SASC / SHAP_REPORT.md
tuklu's picture
Update SHAP report — v1 isolated, full methodology
5f3cea2 verified

SHAP Explainability Report — Multilingual Hate Speech Detection (v1)

Models: All 6 sequential transfer learning strategies (GloVe + BiLSTM, 8 epochs/phase) Explainer: shap.GradientExplainer on the BiLSTM sub-model Background: 200 randomly sampled training sequences Test samples: 500 per language (random subset), full test set = 8,852


Table of Contents

  1. What SHAP Is and How It Works Here
  2. How the Top-20 Words Are Selected
  3. Strategy 1 — English → Hindi → Hinglish
  4. Strategy 2 — English → Hinglish → Hindi
  5. Strategy 3 — Hindi → English → Hinglish ⭐ Best
  6. Strategy 4 — Hindi → Hinglish → English
  7. Strategy 5 — Hinglish → English → Hindi
  8. Strategy 6 — Hinglish → Hindi → English
  9. Cross-Strategy Comparison
  10. Key Findings

1. What SHAP Is and How It Works Here

SHAP (SHapley Additive exPlanations) answers the question: "For this specific prediction, how much did each word contribute to the output?"

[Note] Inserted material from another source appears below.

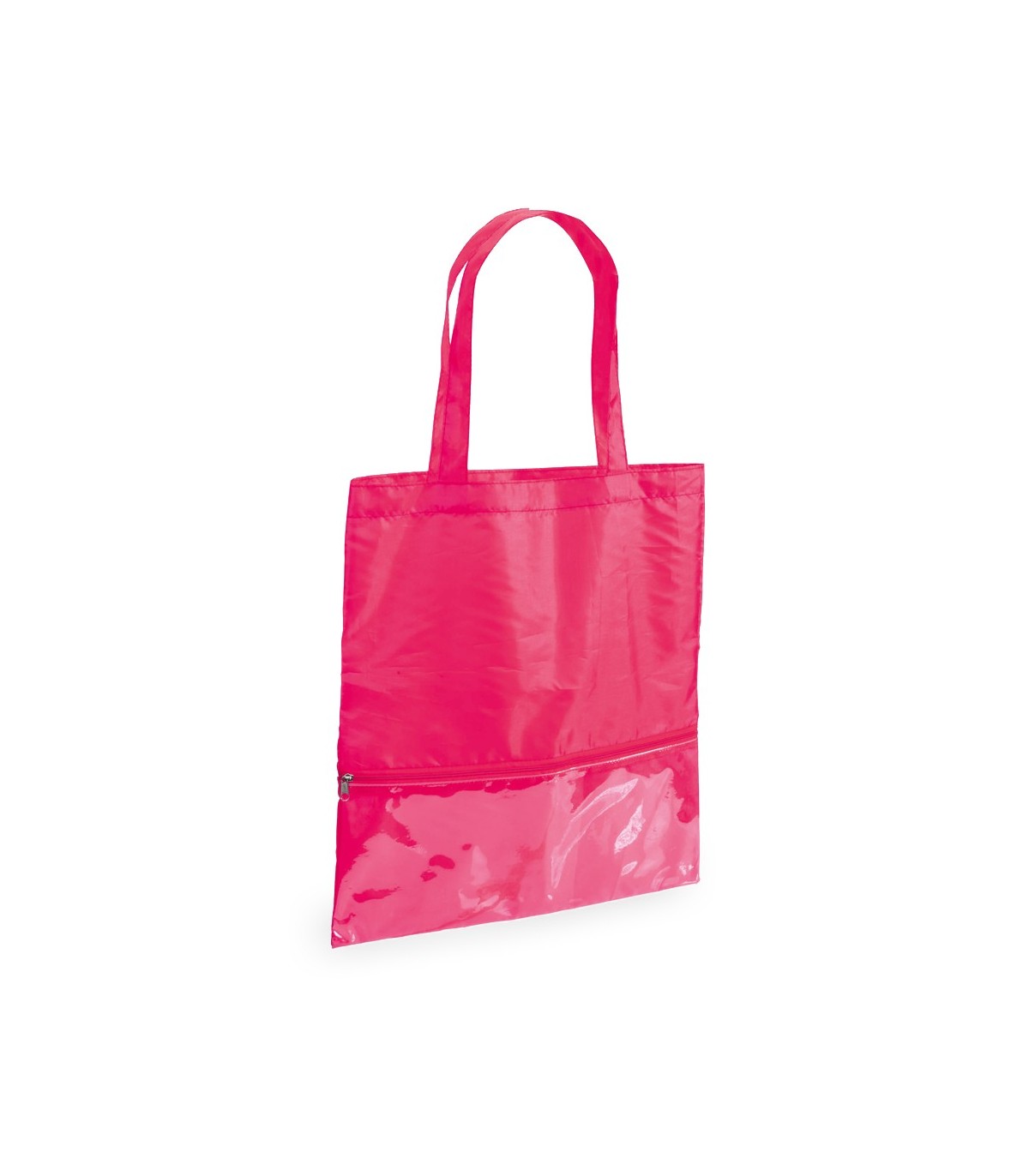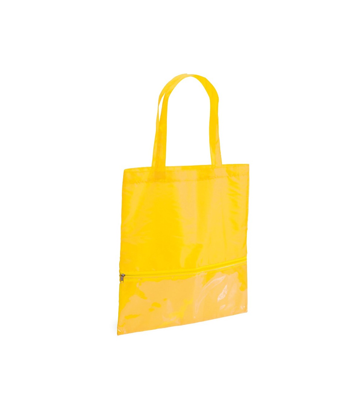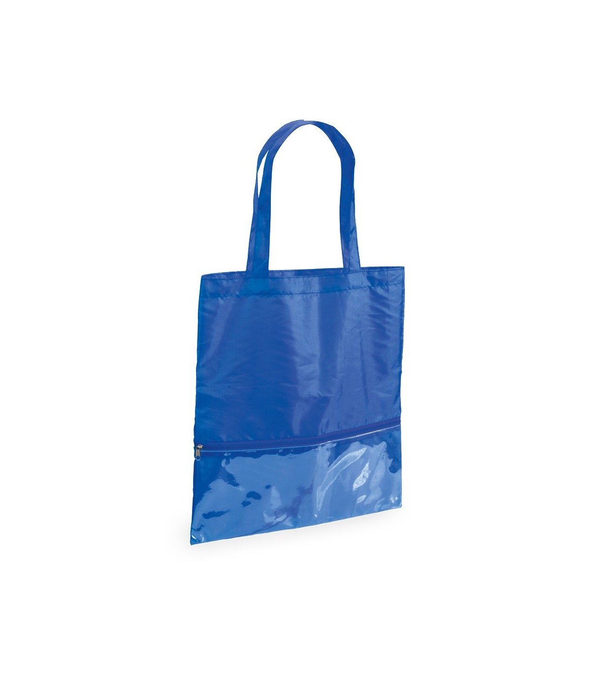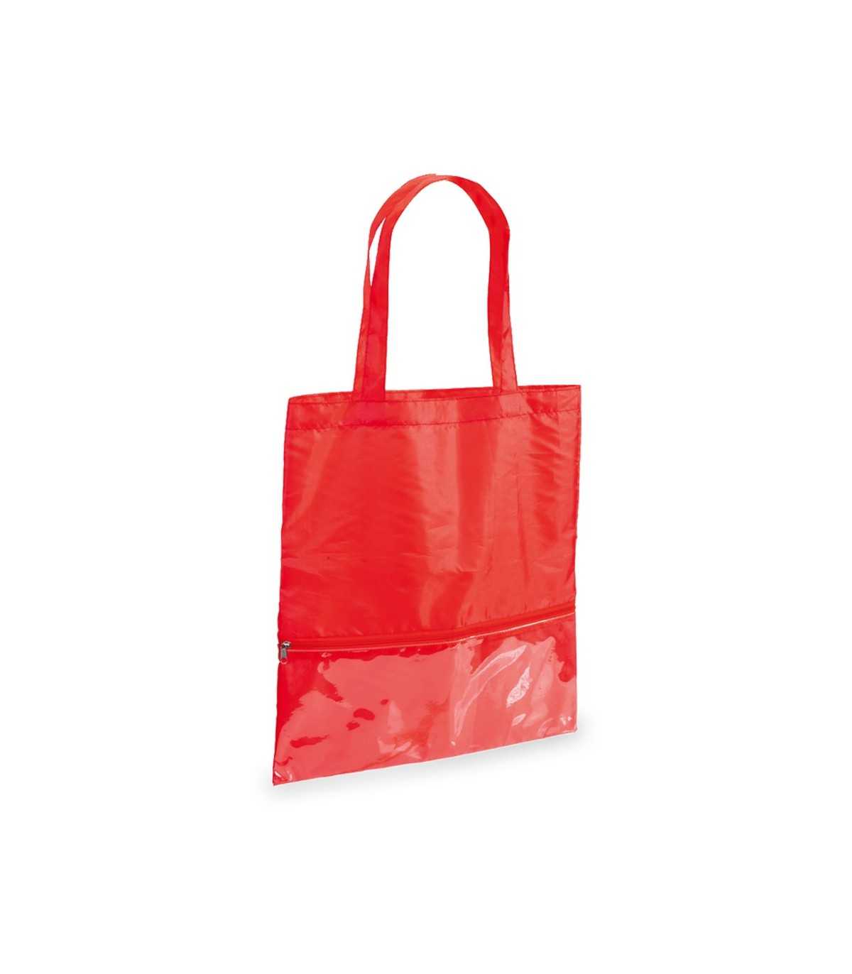 Original bolsa en combinación de suave poliéster 190T con PVC. Con asa mediana y bolsillo de PVC transparente. Acabado cosido.

It does this using game theory — it treats each word as a "player" and fairly distributes the model's final prediction score among all the words in the input.

The Technical Challenge

Our model takes integer token IDs as input (e.g. the word "hate" → token ID 4231). SHAP needs to compute gradients — mathematical slopes — through the model to measure each input's influence. But you cannot take a gradient through an integer operation.

Solution — split the model into two steps:

Step 1 (outside SHAP):
  Token IDs (integers) ──→ GloVe Embedding lookup ──→ Float vectors (n × 100 × 300)

Step 2 (SHAP runs here):
  Float embedding vectors ──→ BiLSTM ──→ Dropout ──→ Dense ──→ Sigmoid output (0 to 1)

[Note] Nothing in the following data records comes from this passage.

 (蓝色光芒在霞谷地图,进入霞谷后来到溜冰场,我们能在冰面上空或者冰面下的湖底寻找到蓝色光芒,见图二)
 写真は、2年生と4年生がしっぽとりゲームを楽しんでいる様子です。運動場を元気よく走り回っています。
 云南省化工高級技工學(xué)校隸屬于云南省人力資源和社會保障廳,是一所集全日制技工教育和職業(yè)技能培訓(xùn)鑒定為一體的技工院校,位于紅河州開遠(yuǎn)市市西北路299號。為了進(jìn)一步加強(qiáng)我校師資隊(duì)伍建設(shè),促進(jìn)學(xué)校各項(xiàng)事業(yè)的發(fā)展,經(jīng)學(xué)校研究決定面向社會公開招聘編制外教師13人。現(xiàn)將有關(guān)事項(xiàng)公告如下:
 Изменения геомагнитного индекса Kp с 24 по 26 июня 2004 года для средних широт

SHAP's GradientExplainer runs on Step 2 only. It computes how much each of the 300 embedding dimensions at each of the 100 token positions contributed to the final score. We then sum across all 300 dimensions for each position to get one number per word.

What the Numbers Mean

  • Positive SHAP value → word pushes the prediction toward hate speech (output closer to 1.0)
  • Negative SHAP value → word pushes the prediction toward non-hate (output closer to 0.0)
  • Magnitude (how large the number is) → how strongly that word influences the decision

Background Dataset

The explainer needs a "baseline" — what does the model output when there is no meaningful input? We use 200 randomly sampled training sequences as this baseline. SHAP measures each word's contribution relative to this baseline.


2. How the Top-20 Words Are Selected

This is not random. Here is the exact process:

Step 1 — Run SHAP on the test set For 500 randomly sampled test examples per language, we get a SHAP value for every word in every example. A 100-token sequence produces 100 SHAP values.

Step 2 — Aggregate by word across all examples For each unique word that appears in those 500 examples, we compute the mean SHAP value across every occurrence of that word:

word "blame" appears 47 times across 500 examples
SHAP values: [+0.031, +0.028, +0.019, ..., +0.034]
Mean SHAP = sum of all values / 47 = +0.026

Step 3 — Rank by absolute mean SHAP Words are sorted by |mean SHAP| — this captures both strong hate predictors (large positive) and strong non-hate predictors (large negative).

Step 4 — Show top 20 The 20 words with the highest |mean SHAP| are plotted. The colour tells you the direction:

  • 🔴 Red bars extending right = pushes toward hate
  • 🔵 Blue bars extending left = pushes toward non-hate

Important: padding tokens (ID=0) are excluded. Only real words contribute.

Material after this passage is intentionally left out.